Published online by Cambridge University Press: 23 March 2023
In 1860 James and Hamilton McIlrath of Balloo, County Down, migrated to Melbourne and, after a brief stint on the goldfields there, voyaged on to New Zealand. Initially the brothers gravitated to the southern goldfields, before trying their hand at other trades. Hamilton McIlrath told readers at home in County Down that while his brother James found employment on a station, fellow migrant William James Alexander ‘has got nothing to do for his £70 per anum but milk the cows and drink the milk. I am with A whole sale wine and spirit merchant. I drive out grog and beer and sometimes I plough. I like my work first rate’ (II 5). From the beginning, however, despite their contentment with colonial work, the brothers contemplated buying land to farm. As James informed home readers, ‘We can Buy good land for 2£ an acre free forever flat and clear and we can let it on a purchesing clause’ (Il 6). The idea of land at this price would have been particularly striking to Irish readers who were usually tenants with high rents and no security of tenure.

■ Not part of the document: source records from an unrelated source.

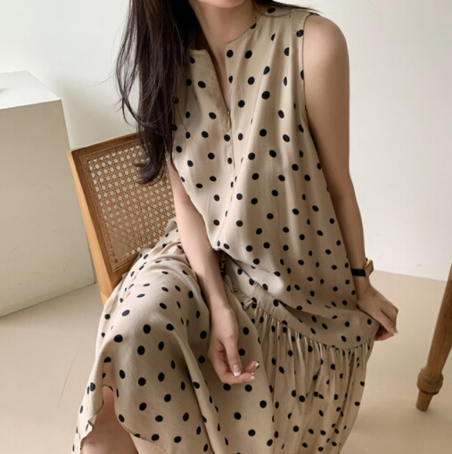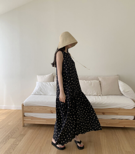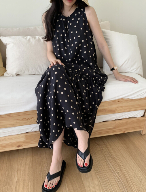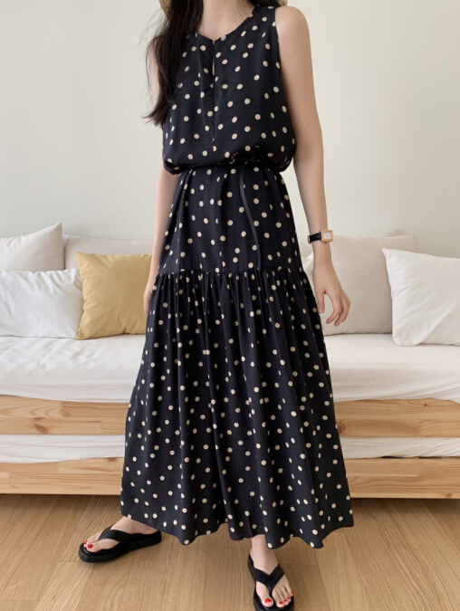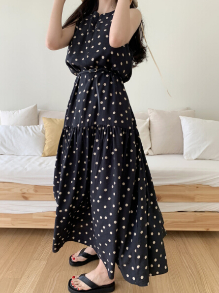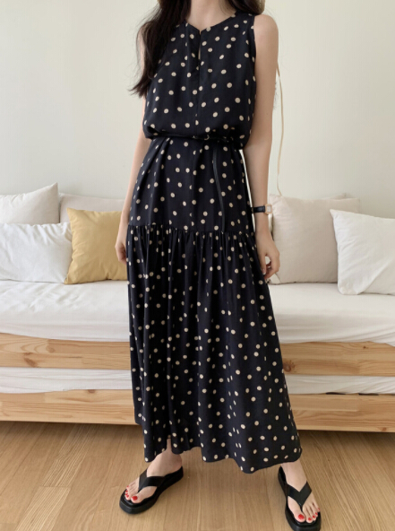 可愛いドット柄が魅力的な夏にぴったりのノースリーブワンピースです。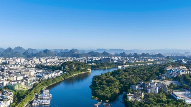 Aerial time-lapse of Li River and Elephant Trunk Hill at early morning, serene karst landscapes and iconic city scenery in Guilin, Guangxi Zhuang Autonomous Region, China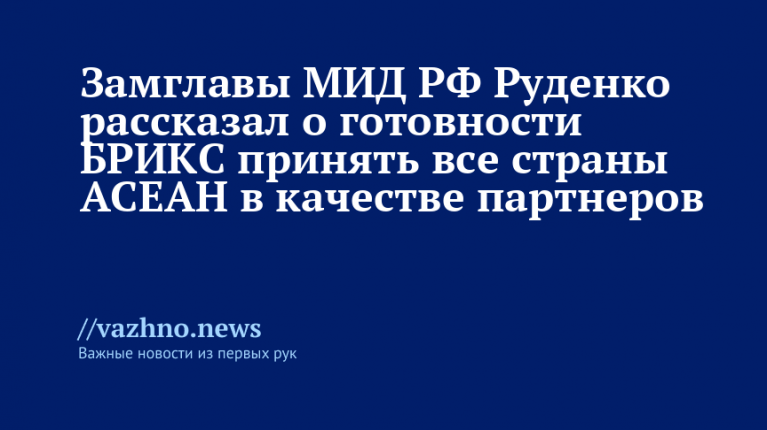 В состав БРИКС приветствуется вступление стран Ассоциации государств Юго-Восточной Азии (АСЕАН) в статусе государств-партнеров. Об этом сообщил «Известиям» заместитель главы МИД РФ Андрей Руденко, находясь в Куала-Лумпуре.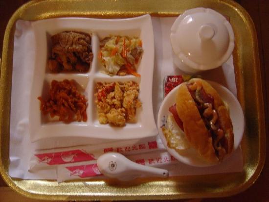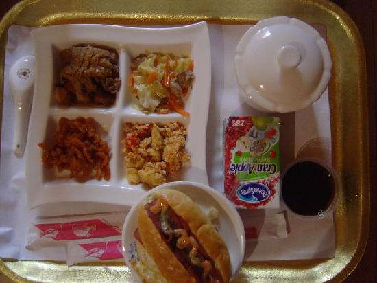 中式跟西式早餐(下面白碗裝的是稀飯)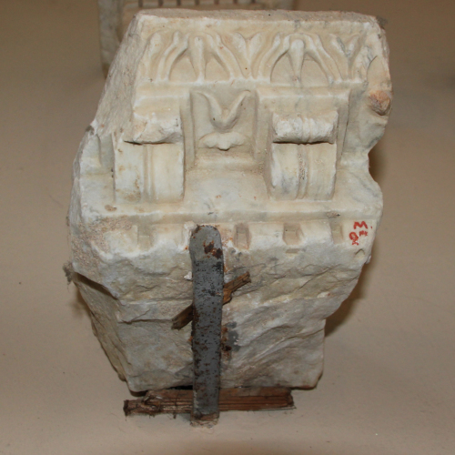 Al di sotto di mensole modanate, si trova un motivo a dentelli fortemente abraso nella sua metà inferiore.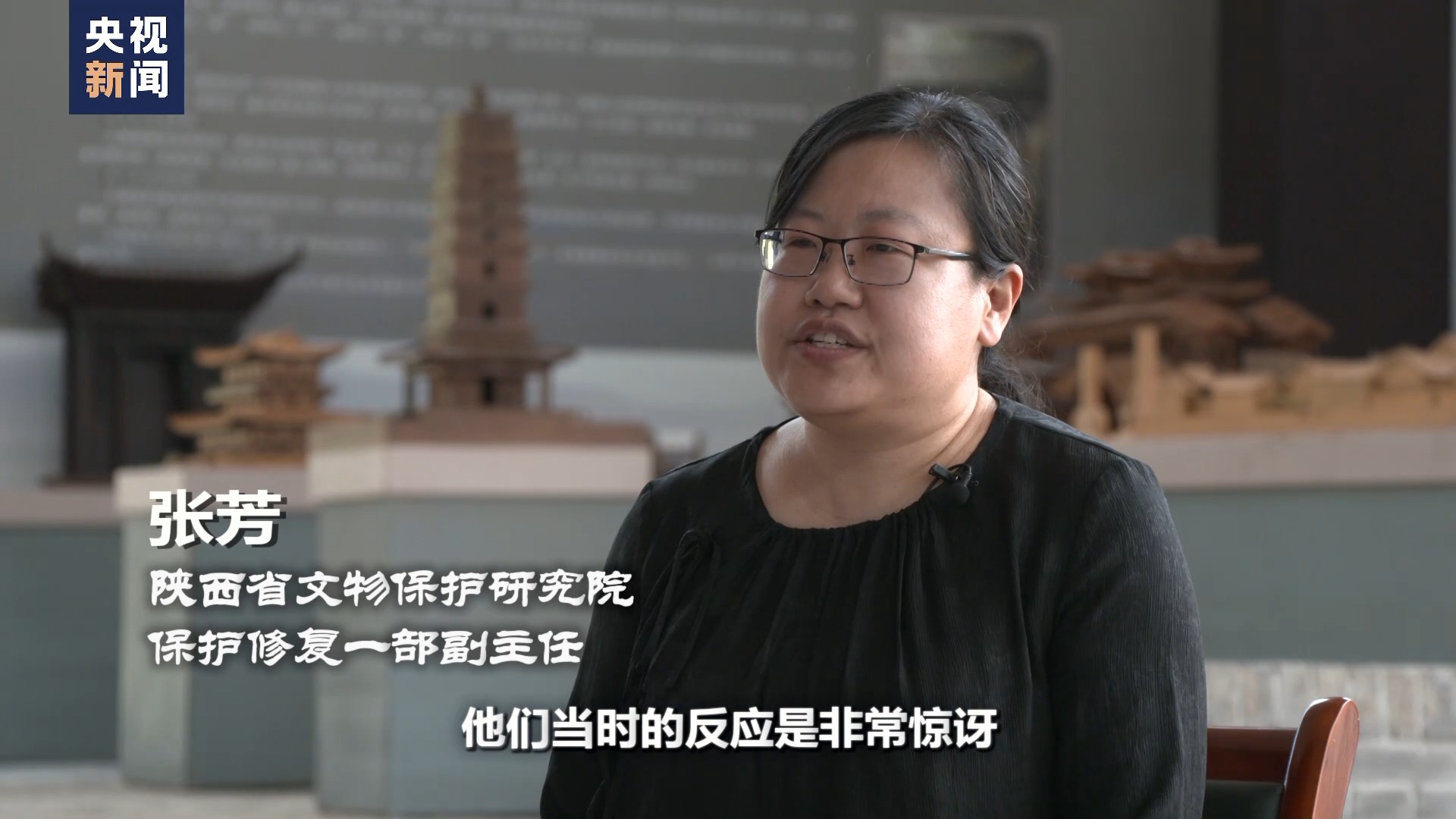 陜西省文物保護研究院保護修復一部副主任 張芳:他們當時的反應(yīng)是非常驚訝,因為這種純粹的,沒有用一根釘子的榫卯結(jié)構(gòu)層層疊疊,在上面天宮樓閣的一個呈現(xiàn)。他們在法國是完全見不到,他們也想象不到。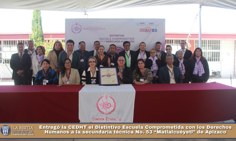 En el marco de sus acciones de difusión y promoción del respeto a los derechos humanos en espacios educativos, la Comisión Estatal de Derechos Humanos de Tlaxcala (CEDHT) entregó el Distintivo Escuela Comprometida con los Derechos Humanos a la escuela Secundaria Técnica #53 “Matlalcuéyetl”, primera institución educativa de carácter pública en obtener este reconocimiento, la cual está ubicada en la colonia Loma Florida del municipio de Apizaco.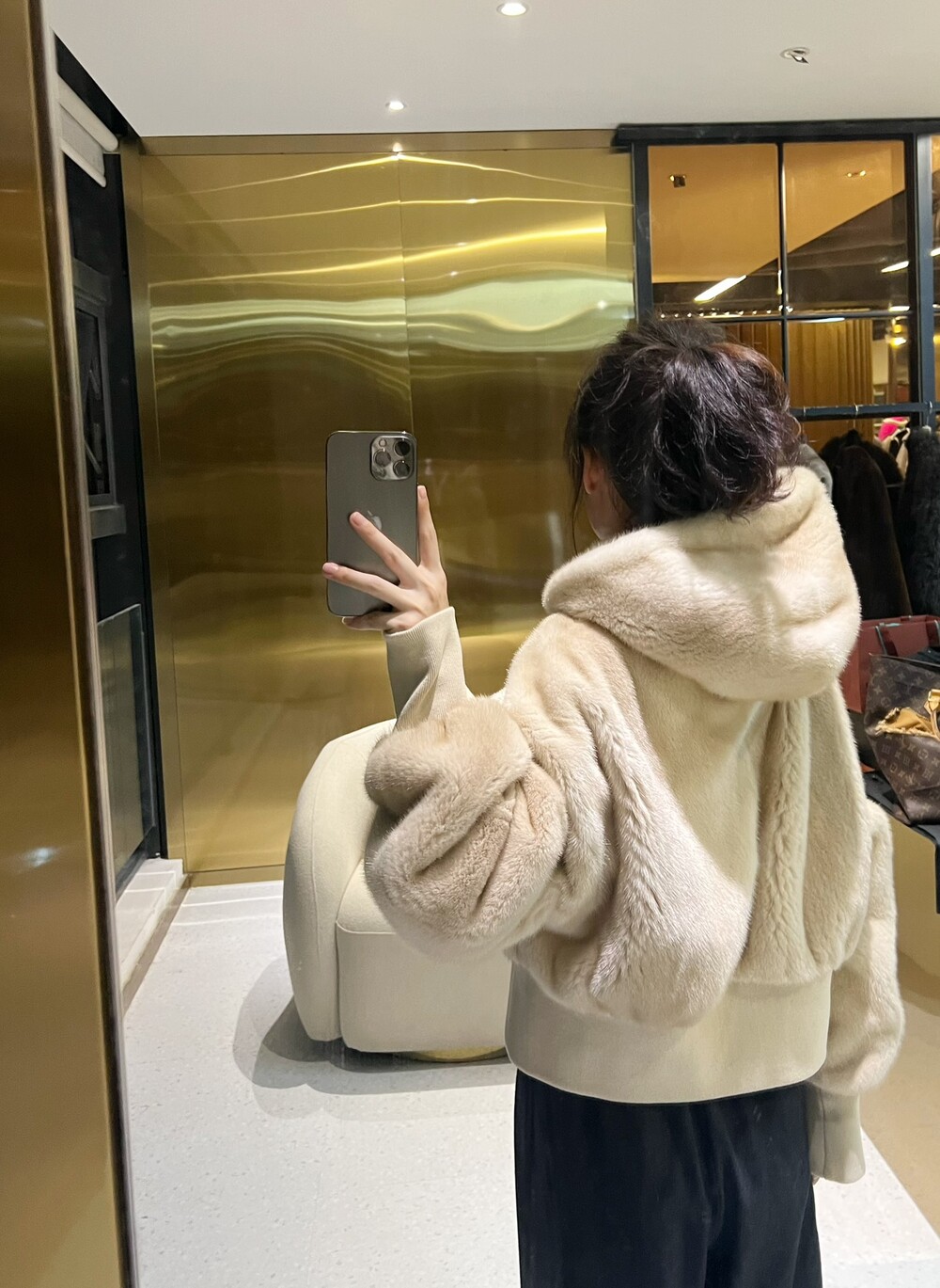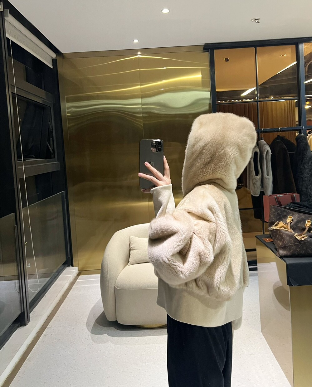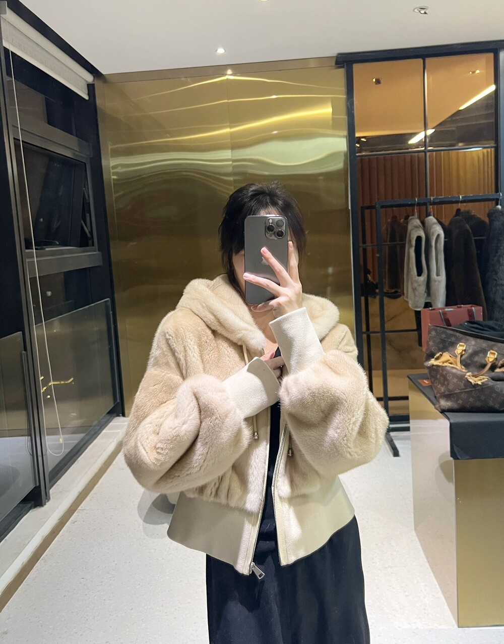 □밍크 후드 구스 다운 롱 패딩 코트□

As subsequent letters reveal, after a period accumulating some savings the McIlrath brothers indeed purchased land and set about developing their holding. Not surprisingly, initial reports focused on the novelty of encountering unfamiliar conditions and learning new skills: ‘You people at home would think it strange to begin on land where there was not a fence whatever nor one sod turned since it was land and this is land of the richest quality’ (Il 7). Traditional skills were either adapted or abandoned in the new environment, while novel techniques were frequently adopted. As Hamilton McIlrath explained in detail in 1874, ‘we do not go to the trouble of draining and manuring just ploughs and harrows and rolls and leaves it there untill fit for cuting. No weeding [erased: of] or thistle pulling here. Thrashes the grain in the paddocks and burns the straw. Makes no manure except what the horses makes. In the winter never houses cattle’ (Il 20). Equally, in describing what colonial farming did not involve, Hamilton McIlrath was implicitly comparing farming practices in New Zealand and Ireland, contrasts that would have attracted the curiosity of Irish readers.